# WORK REQUIRED
Lines from the line with "先启动游戏,再开启修改功能即" to the line with "Tapeta Malí ptáci" in the entries below, and only those, must be output exactly, with both ends included.

# DATA UNDER STUDY
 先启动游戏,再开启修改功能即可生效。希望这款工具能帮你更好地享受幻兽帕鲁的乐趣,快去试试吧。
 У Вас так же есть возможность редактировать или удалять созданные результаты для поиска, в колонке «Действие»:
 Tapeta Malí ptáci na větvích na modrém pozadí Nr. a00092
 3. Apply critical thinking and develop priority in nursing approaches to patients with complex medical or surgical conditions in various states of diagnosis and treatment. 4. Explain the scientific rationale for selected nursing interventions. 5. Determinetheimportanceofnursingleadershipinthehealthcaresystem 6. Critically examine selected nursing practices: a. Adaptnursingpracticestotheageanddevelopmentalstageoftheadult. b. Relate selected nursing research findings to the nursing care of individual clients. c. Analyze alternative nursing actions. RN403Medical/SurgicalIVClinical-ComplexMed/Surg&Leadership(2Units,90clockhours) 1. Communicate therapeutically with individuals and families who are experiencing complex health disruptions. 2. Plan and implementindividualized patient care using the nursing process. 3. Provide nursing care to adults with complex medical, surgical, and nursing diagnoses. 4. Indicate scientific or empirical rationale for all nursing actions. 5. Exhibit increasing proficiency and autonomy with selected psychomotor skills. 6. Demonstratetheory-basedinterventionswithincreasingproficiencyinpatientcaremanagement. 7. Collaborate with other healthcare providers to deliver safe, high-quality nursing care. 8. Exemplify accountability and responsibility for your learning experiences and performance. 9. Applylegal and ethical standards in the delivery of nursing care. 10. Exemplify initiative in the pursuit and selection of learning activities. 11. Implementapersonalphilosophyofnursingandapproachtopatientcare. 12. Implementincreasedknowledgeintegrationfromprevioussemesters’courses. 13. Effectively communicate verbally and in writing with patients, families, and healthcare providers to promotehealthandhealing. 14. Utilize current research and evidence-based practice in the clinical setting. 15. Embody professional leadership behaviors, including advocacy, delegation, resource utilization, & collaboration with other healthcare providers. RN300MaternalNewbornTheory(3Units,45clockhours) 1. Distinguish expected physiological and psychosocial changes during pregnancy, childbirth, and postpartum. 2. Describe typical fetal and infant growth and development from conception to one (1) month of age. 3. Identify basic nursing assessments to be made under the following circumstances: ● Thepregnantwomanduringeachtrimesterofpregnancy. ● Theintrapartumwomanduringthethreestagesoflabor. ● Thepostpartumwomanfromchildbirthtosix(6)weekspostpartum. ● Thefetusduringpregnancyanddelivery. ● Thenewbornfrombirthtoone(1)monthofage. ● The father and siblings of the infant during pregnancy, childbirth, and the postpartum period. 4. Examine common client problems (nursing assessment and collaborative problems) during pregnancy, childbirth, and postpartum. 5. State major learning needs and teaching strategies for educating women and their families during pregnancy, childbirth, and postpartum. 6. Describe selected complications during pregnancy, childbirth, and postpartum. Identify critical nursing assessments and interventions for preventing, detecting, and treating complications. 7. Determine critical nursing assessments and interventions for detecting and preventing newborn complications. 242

==

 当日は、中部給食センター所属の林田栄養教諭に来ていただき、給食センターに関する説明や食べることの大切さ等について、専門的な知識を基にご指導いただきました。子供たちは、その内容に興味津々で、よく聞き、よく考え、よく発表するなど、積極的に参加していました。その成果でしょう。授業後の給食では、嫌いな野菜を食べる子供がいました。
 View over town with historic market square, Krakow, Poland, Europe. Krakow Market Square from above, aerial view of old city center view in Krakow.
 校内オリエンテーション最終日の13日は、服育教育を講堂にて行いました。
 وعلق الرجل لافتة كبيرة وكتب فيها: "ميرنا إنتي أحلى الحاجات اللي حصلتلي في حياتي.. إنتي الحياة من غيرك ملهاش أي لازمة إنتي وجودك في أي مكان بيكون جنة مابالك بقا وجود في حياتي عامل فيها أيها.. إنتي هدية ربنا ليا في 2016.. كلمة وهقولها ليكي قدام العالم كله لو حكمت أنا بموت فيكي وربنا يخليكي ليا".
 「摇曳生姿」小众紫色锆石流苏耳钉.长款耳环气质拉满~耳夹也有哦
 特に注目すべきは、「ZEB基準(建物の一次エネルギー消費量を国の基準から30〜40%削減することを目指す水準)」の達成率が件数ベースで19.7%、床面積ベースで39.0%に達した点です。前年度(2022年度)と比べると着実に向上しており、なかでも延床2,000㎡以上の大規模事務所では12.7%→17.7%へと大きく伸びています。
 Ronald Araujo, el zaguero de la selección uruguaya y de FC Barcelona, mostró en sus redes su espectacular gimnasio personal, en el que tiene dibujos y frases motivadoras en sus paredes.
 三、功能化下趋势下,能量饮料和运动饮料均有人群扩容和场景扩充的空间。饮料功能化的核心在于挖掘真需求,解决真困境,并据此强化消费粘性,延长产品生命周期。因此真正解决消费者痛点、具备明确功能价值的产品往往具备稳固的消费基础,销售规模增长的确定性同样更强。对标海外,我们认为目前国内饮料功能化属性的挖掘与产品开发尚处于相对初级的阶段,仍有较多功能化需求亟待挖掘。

---

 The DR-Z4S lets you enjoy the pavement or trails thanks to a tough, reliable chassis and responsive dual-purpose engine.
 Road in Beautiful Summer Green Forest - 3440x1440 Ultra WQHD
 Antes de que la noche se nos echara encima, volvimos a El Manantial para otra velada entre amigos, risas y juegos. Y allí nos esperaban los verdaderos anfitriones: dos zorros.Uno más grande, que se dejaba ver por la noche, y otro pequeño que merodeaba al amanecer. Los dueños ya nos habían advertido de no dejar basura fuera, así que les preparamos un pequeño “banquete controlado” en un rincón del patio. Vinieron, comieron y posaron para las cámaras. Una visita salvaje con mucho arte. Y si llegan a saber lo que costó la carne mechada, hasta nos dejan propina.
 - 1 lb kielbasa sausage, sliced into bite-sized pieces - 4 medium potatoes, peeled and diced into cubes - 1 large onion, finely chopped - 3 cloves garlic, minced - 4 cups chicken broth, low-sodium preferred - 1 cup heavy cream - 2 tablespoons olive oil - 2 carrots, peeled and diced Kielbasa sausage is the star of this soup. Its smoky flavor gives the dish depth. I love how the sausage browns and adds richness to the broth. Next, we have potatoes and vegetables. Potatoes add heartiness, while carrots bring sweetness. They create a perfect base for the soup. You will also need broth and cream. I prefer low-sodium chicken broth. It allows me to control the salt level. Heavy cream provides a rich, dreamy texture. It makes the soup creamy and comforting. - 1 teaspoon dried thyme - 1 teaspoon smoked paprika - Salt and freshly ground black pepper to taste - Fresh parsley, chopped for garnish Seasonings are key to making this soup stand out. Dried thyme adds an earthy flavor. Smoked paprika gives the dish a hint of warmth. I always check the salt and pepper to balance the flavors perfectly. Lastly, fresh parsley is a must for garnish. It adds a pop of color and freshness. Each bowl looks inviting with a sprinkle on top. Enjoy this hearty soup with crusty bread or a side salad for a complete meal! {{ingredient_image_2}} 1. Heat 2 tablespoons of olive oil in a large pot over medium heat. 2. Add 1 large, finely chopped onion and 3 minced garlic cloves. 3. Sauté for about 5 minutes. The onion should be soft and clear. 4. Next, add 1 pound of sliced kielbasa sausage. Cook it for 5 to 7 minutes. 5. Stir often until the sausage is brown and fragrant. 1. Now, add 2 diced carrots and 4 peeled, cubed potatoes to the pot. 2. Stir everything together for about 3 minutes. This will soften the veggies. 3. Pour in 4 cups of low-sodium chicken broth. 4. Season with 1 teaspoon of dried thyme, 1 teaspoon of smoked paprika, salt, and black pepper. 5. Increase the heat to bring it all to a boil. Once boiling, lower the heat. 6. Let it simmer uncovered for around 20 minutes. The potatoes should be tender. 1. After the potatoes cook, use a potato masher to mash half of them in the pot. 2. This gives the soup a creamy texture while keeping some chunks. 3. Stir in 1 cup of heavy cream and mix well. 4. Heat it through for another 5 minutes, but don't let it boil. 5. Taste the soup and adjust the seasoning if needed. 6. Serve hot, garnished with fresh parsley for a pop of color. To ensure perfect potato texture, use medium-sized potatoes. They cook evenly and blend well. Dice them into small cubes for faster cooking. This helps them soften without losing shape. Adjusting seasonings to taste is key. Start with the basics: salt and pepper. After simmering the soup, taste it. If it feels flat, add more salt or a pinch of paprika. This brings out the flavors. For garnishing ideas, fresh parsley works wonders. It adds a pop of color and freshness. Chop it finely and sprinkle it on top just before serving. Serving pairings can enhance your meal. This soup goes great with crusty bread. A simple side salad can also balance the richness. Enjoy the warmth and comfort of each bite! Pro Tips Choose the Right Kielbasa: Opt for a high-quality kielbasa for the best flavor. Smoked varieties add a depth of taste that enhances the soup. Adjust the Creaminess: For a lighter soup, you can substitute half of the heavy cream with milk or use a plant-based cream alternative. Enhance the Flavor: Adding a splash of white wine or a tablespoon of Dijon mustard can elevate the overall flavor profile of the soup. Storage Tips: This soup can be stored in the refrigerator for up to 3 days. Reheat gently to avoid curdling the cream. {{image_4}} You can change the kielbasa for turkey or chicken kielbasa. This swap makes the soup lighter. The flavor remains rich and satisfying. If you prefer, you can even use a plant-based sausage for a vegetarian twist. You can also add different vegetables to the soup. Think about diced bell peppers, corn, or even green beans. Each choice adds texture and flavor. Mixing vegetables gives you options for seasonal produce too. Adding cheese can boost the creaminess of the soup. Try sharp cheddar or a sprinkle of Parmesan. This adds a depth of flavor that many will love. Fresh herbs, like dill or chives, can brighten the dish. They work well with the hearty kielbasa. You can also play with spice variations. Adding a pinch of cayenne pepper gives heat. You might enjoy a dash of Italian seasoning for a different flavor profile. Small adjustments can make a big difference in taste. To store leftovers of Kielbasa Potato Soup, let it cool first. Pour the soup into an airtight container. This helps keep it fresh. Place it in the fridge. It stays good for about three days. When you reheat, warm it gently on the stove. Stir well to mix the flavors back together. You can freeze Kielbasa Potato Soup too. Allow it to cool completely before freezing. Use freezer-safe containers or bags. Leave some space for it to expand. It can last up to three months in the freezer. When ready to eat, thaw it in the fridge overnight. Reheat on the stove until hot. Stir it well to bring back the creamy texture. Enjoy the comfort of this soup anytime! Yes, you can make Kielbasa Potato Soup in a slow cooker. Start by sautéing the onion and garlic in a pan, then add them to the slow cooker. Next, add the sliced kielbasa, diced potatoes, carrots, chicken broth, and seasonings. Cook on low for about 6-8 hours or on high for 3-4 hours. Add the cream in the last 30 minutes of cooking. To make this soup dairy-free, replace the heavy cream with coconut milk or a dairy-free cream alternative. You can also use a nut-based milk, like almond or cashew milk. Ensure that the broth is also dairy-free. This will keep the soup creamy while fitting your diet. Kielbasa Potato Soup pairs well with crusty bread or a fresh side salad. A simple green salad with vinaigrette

# RESULT OF THIS EXERCISE
 先启动游戏,再开启修改功能即可生效。希望这款工具能帮你更好地享受幻兽帕鲁的乐趣,快去试试吧。
 У Вас так же есть возможность редактировать или удалять созданные результаты для поиска, в колонке «Действие»:
 Tapeta Malí ptáci na větvích na modrém pozadí Nr. a00092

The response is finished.